## TASK TO COMPLETE
The lines below starting at the line containing "Sob prantos, como??o?e" and ending at the line containing "Möglich ist hier" are to be repeated exactly, with both ends kept and nothing else added.

## INFORMATION SHOWN
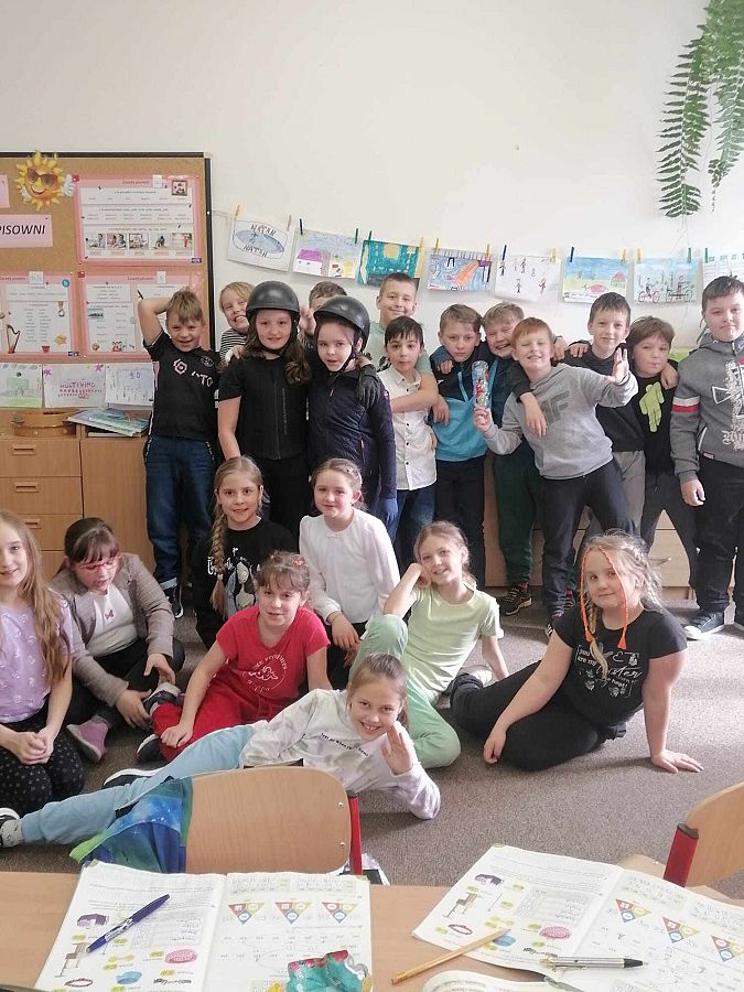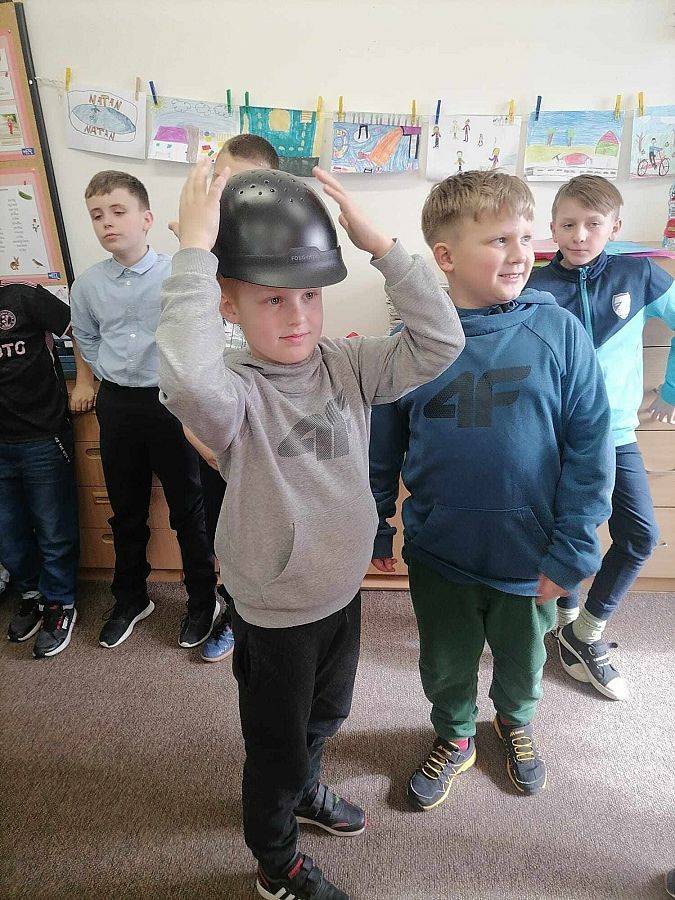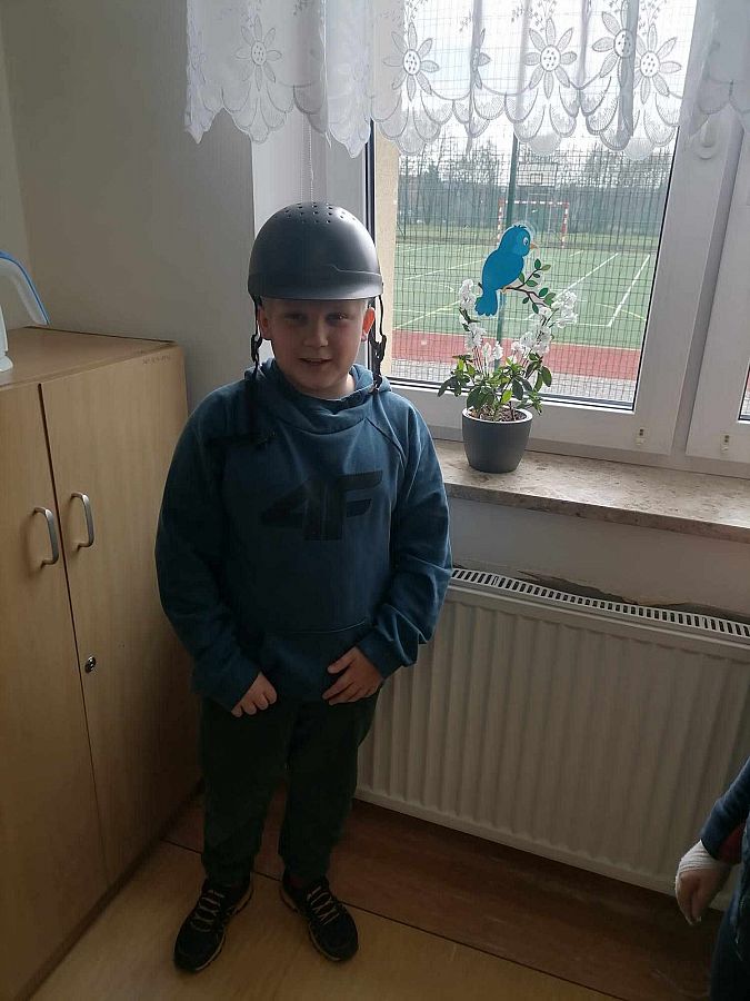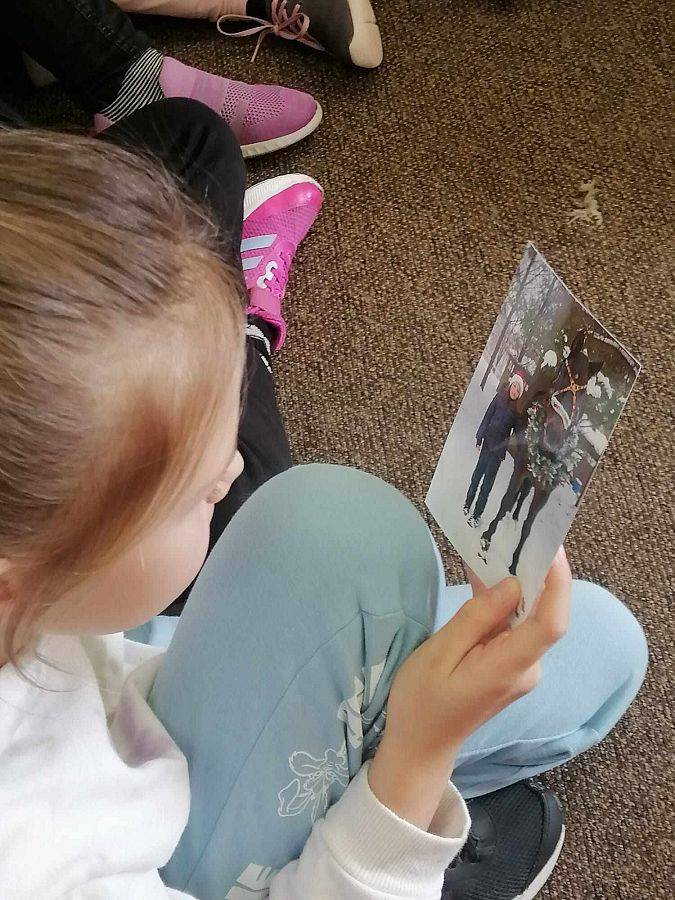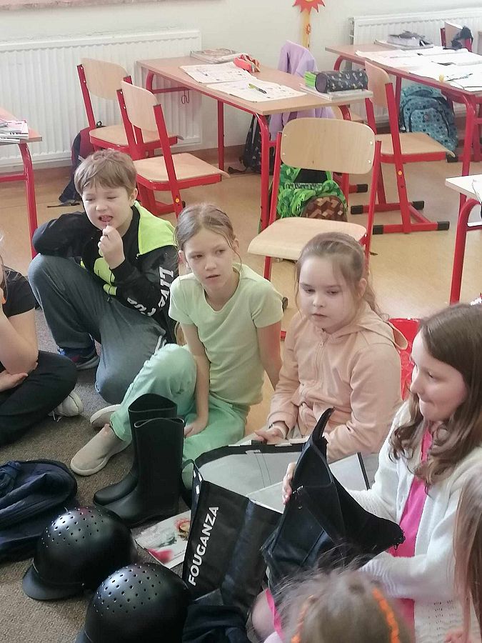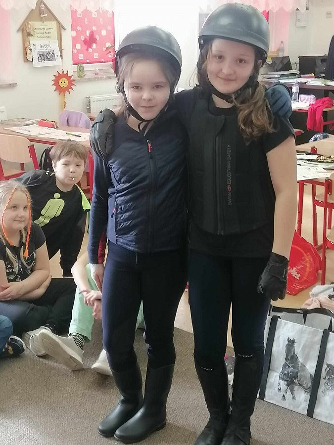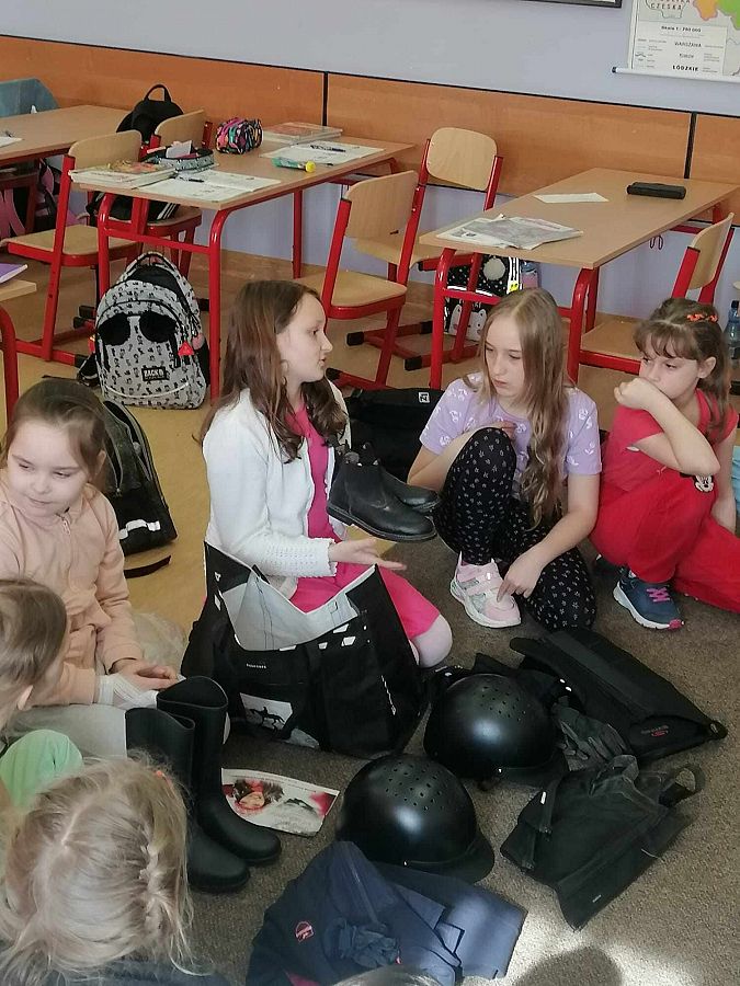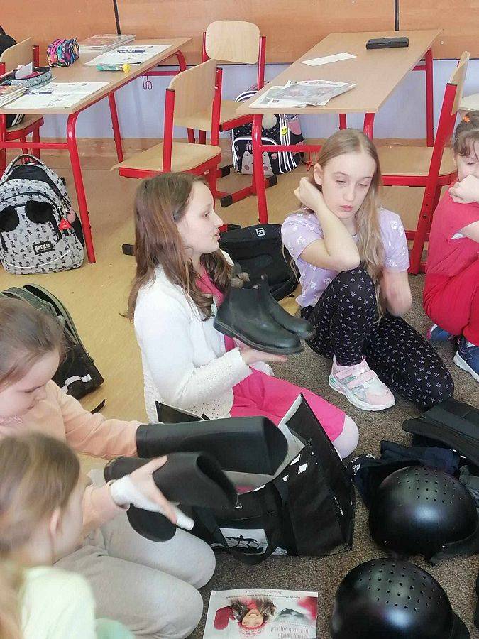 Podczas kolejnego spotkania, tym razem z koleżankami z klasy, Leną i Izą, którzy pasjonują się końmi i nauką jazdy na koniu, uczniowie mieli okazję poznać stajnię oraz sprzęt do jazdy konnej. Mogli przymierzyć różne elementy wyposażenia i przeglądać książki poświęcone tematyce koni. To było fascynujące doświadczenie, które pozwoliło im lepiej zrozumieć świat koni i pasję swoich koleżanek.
---
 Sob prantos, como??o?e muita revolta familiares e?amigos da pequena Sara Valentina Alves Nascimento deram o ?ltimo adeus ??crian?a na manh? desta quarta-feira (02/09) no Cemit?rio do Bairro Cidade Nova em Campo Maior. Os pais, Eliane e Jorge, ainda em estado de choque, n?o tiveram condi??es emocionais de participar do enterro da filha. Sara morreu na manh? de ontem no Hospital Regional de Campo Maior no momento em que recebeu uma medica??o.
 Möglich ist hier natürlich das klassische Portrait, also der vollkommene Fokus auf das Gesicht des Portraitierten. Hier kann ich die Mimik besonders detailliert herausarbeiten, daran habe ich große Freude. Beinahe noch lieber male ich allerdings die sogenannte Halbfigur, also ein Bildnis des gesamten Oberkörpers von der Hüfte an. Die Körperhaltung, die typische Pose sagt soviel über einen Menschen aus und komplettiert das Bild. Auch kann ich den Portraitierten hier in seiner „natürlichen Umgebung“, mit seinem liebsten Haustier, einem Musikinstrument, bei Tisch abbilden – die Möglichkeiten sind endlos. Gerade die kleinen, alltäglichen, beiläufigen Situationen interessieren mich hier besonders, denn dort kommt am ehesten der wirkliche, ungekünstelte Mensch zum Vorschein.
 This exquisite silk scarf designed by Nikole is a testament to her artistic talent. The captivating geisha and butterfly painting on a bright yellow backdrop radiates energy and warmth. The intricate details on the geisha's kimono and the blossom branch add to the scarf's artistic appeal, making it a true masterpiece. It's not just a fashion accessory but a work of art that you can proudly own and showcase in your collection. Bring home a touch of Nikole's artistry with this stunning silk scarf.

## REPLY TO THE EXERCISE
 Sob prantos, como??o?e muita revolta familiares e?amigos da pequena Sara Valentina Alves Nascimento deram o ?ltimo adeus ??crian?a na manh? desta quarta-feira (02/09) no Cemit?rio do Bairro Cidade Nova em Campo Maior. Os pais, Eliane e Jorge, ainda em estado de choque, n?o tiveram condi??es emocionais de participar do enterro da filha. Sara morreu na manh? de ontem no Hospital Regional de Campo Maior no momento em que recebeu uma medica??o.
 Möglich ist hier natürlich das klassische Portrait, also der vollkommene Fokus auf das Gesicht des Portraitierten. Hier kann ich die Mimik besonders detailliert herausarbeiten, daran habe ich große Freude. Beinahe noch lieber male ich allerdings die sogenannte Halbfigur, also ein Bildnis des gesamten Oberkörpers von der Hüfte an. Die Körperhaltung, die typische Pose sagt soviel über einen Menschen aus und komplettiert das Bild. Auch kann ich den Portraitierten hier in seiner „natürlichen Umgebung“, mit seinem liebsten Haustier, einem Musikinstrument, bei Tisch abbilden – die Möglichkeiten sind endlos. Gerade die kleinen, alltäglichen, beiläufigen Situationen interessieren mich hier besonders, denn dort kommt am ehesten der wirkliche, ungekünstelte Mensch zum Vorschein.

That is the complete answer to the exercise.